**Requirement:**
Exactly the lines from the start of the data below through the line that contains "Across the world" are to be copied, with pictures left out.

**Stored items:**
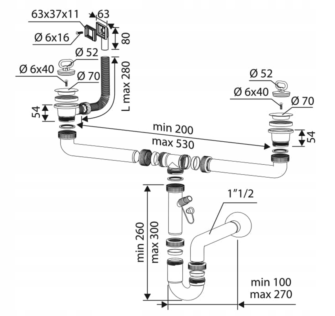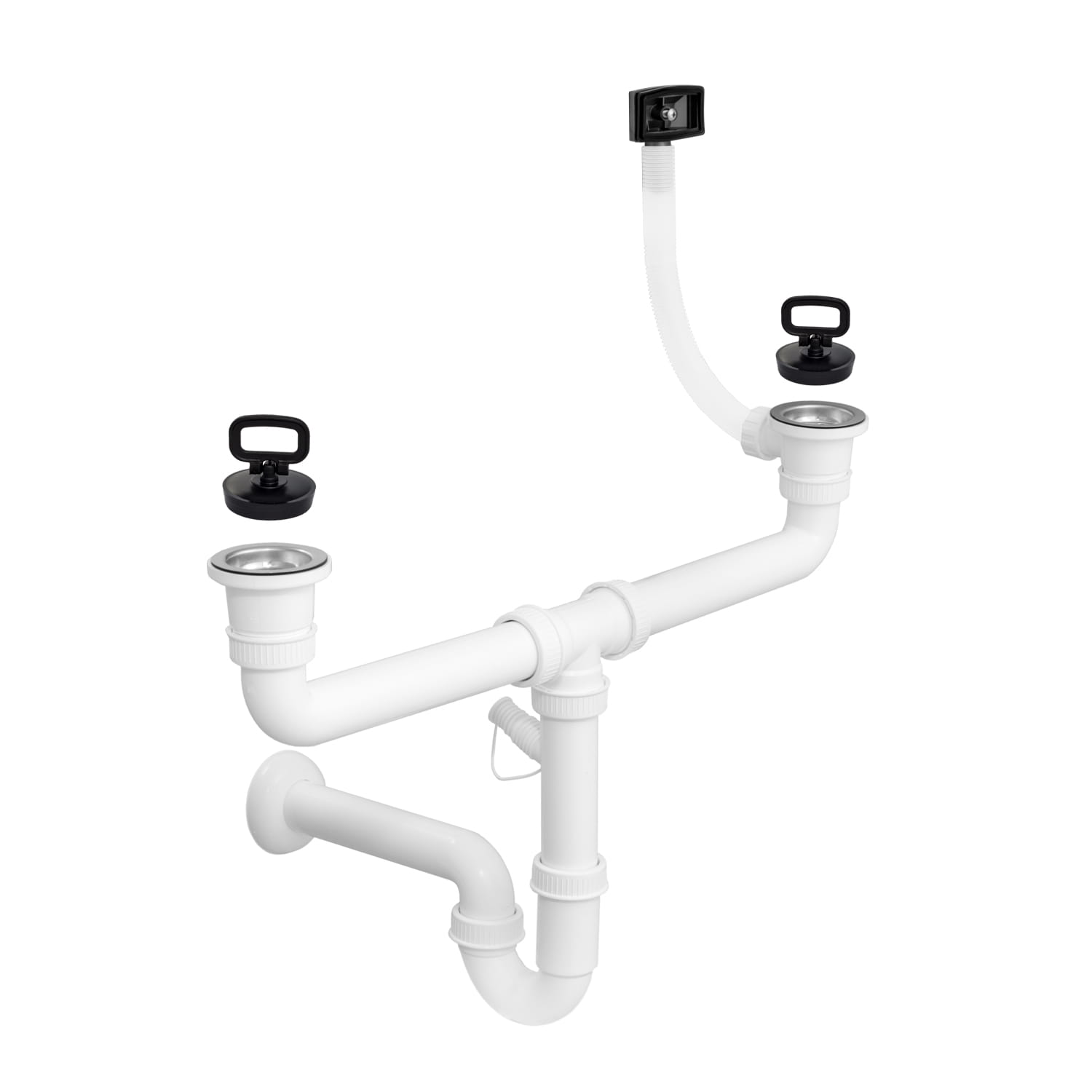 Syfon do zlewu dwukomorowego z przelewem kwadratowym, w kolorze białym, o wysokiej jakości. Wykonany z tworzywa PP. Rozmiar standardowy. Pasuje do zlewozmywaków z otworami fi 70.
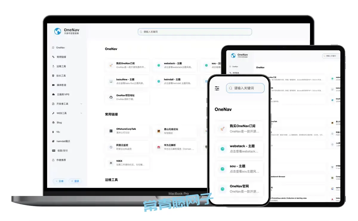 静态响应式网址导航网站,知名导航WP主题的开源版本,带后台,但功能比较单一,有很多别人二开的版本,另外付费可以看:OneNav
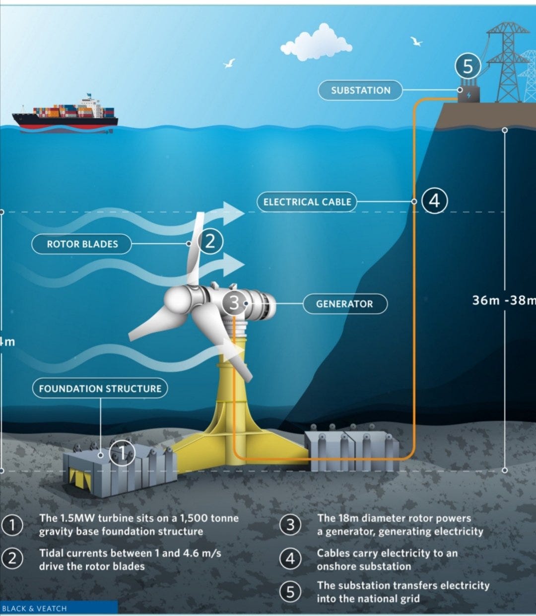 Across the world there are areas where natural geography creates channels or pinch-points in natural tidal flows, concentrating them and greatly increasing both their vertical range and velocity. One example of such a ‘tidal race’ is the Bay Of Fundy in Nova Scotia, where every six hours moves a water flow equivalent to three times all the rivers in the world combined. Other tidal races include the waters around the tangled archipelago of the Orkney Islands near Scotland, or the waters near the island of Alderney in the English channel, close to France. These tidal races worldwide, if peppered with tidal turbines, could potentially provide 1,000 TeraWatt-Hours of electricity a year, or a thousand-thousand-thousand-thousand kilowatt-hours. Or 20% of the electricity use of the United States.
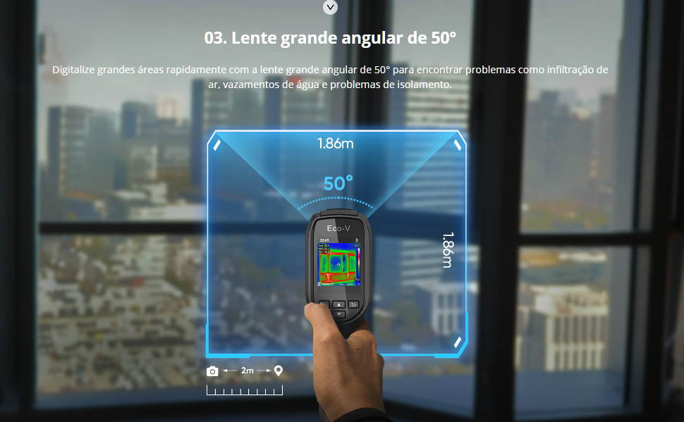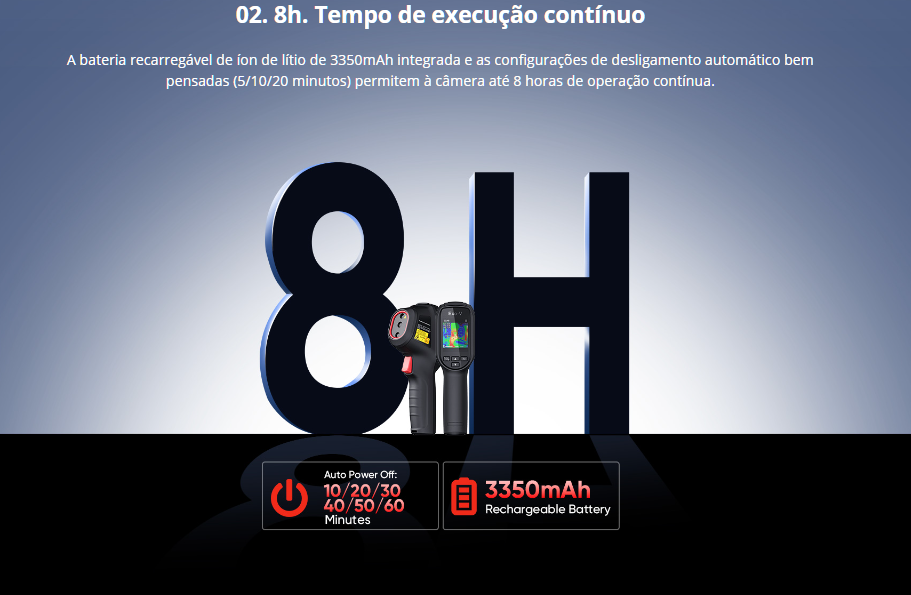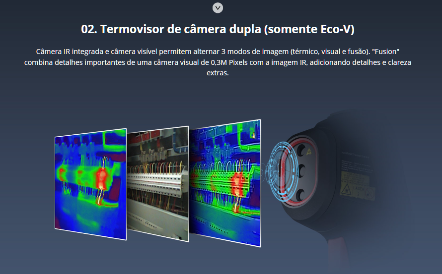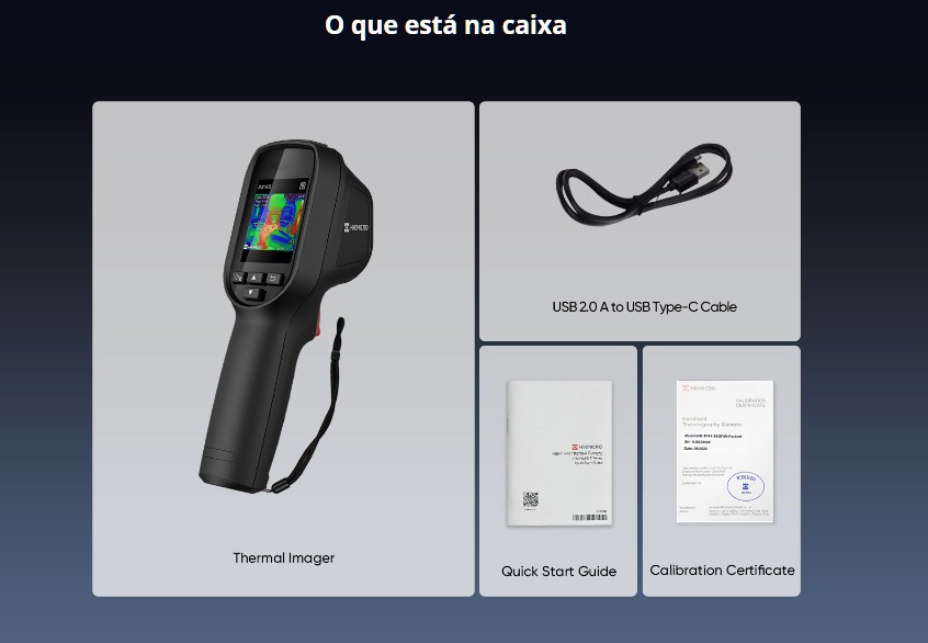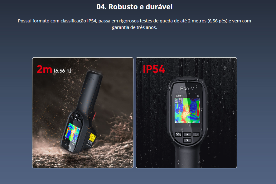 Com construção compacta e robusta, o termovisor é projetado para uso em ambientes industriais e técnicos, oferecendo resistência adequada para operações em campo. Seu design leve e ergonômico garante conforto durante o uso prolongado, sendo uma solução portátil e prática para profissionais de manutenção.
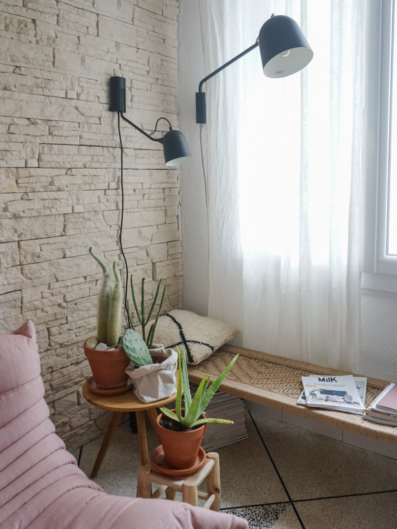Notre pièce à vivre est vraiment l’endroit à la maison dont on passe plus de temps. On fait un peu notre vie entre la cuisine mi-ouverte, le séjour, la salle à manger et le balcon. La mini y joue, j’y travaille, on y écoute de la musique, on y voit des séries sur Netflix, on y lit … Et finalement, ça me manquait beaucoup un éclairage orientable à côté du canapé, côté fenêtre, mais aussi dans notre coin lecture. Pour pouvoir diriger la lumière là nous faut.
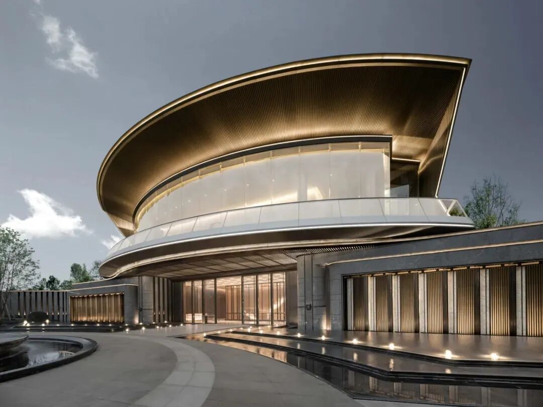 設(shè)計(jì)團(tuán)隊(duì)根據(jù)區(qū)域背景進(jìn)行設(shè)計(jì),提取建筑形態(tài)和符號(hào),項(xiàng)目示范區(qū)售樓處建筑采用對(duì)稱的形體構(gòu)圖,一層灰色石材、古銅色鋁板及金屬線條的使用,營(yíng)造出酒店般奢華尊貴感受;二層弧面玻璃、淺色鋁板又形成輕盈時(shí)尚的氣質(zhì)。
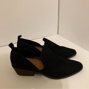 Black suede leather upper Slip on style loafer Curved side cutouts Closed, pointed toe Brand new Size 8.5
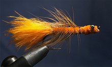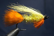 Muchy stosuję duże, w jaskrawych kolorach, na hakach łososiowych wielkości 1/0-5/0, najczęściej jednak 2/0. Podstawowe materiały, których używam do robienia trociowych much to koza, królik, marabut, lis. Skrzydełka warto wzbogacić odrobiną Crystal Flashu. Muchy często wyposażam w niewielkie blaszane oczy z łańcuszków, lub w razie potrzeby dociążam ołowianymi “mundkowymi” oczami. Przy konstruowaniu much trociowych warto eksperymentować z materiałami, kolorami, czy wielkością, bo troć miewa różne gusta i często atakuje nawet bardzo dziwne przynęty. Ponizej przedstawiam kilka sprawdzonych wzorów much, na które złowiłem najwięcej ryb. Są to muchy “prosto” z mojego pudełka, wiec wybaczcie drobne niedoskonałości.
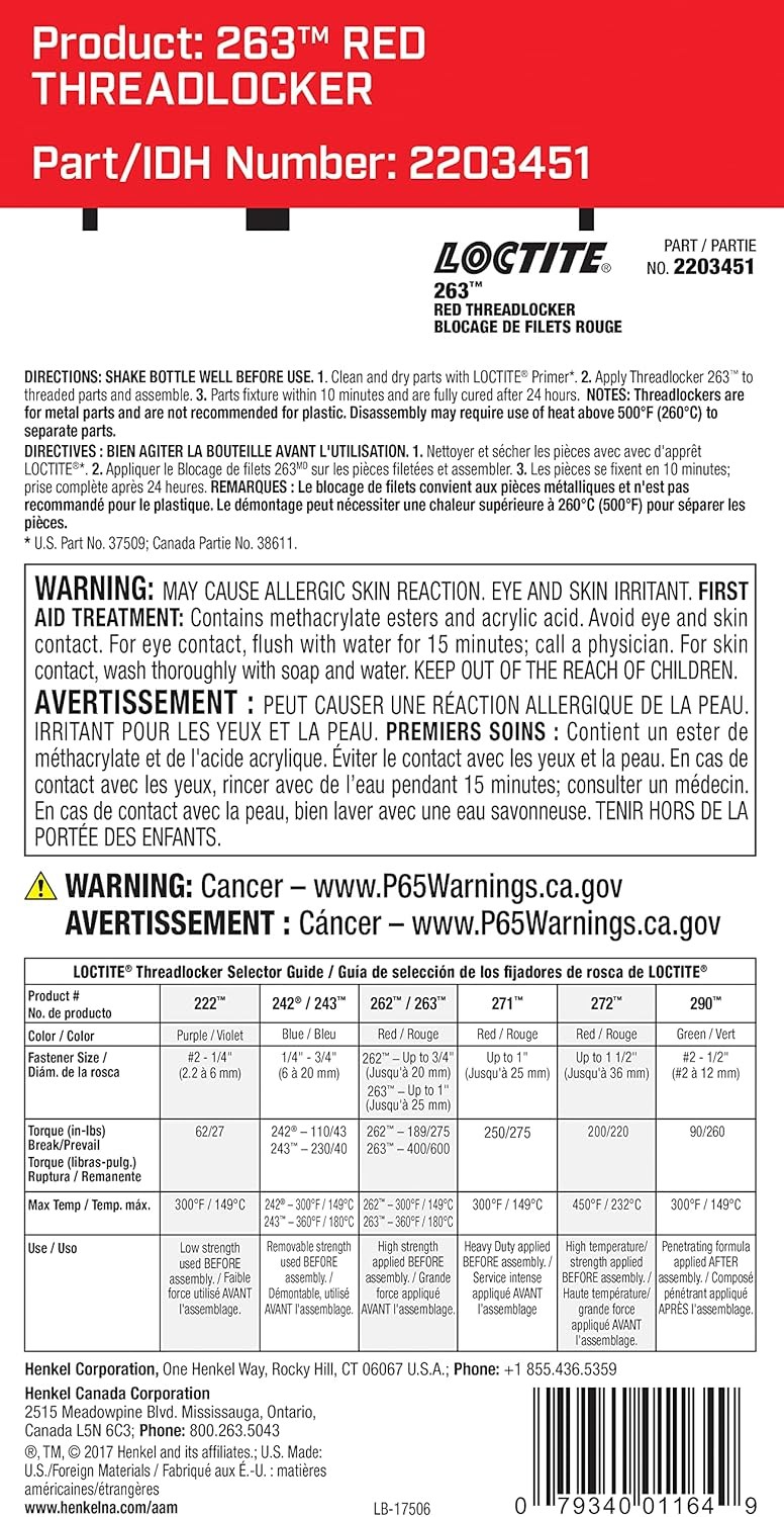 LOCTITE 263 Automotive Threadlocker Red High Strength 6 ml, 1 Pack,

**Output:**
 Syfon do zlewu dwukomorowego z przelewem kwadratowym, w kolorze białym, o wysokiej jakości. Wykonany z tworzywa PP. Rozmiar standardowy. Pasuje do zlewozmywaków z otworami fi 70.
 静态响应式网址导航网站,知名导航WP主题的开源版本,带后台,但功能比较单一,有很多别人二开的版本,另外付费可以看:OneNav
 Across the world there are areas where natural geography creates channels or pinch-points in natural tidal flows, concentrating them and greatly increasing both their vertical range and velocity. One example of such a ‘tidal race’ is the Bay Of Fundy in Nova Scotia, where every six hours moves a water flow equivalent to three times all the rivers in the world combined. Other tidal races include the waters around the tangled archipelago of the Orkney Islands near Scotland, or the waters near the island of Alderney in the English channel, close to France. These tidal races worldwide, if peppered with tidal turbines, could potentially provide 1,000 TeraWatt-Hours of electricity a year, or a thousand-thousand-thousand-thousand kilowatt-hours. Or 20% of the electricity use of the United States.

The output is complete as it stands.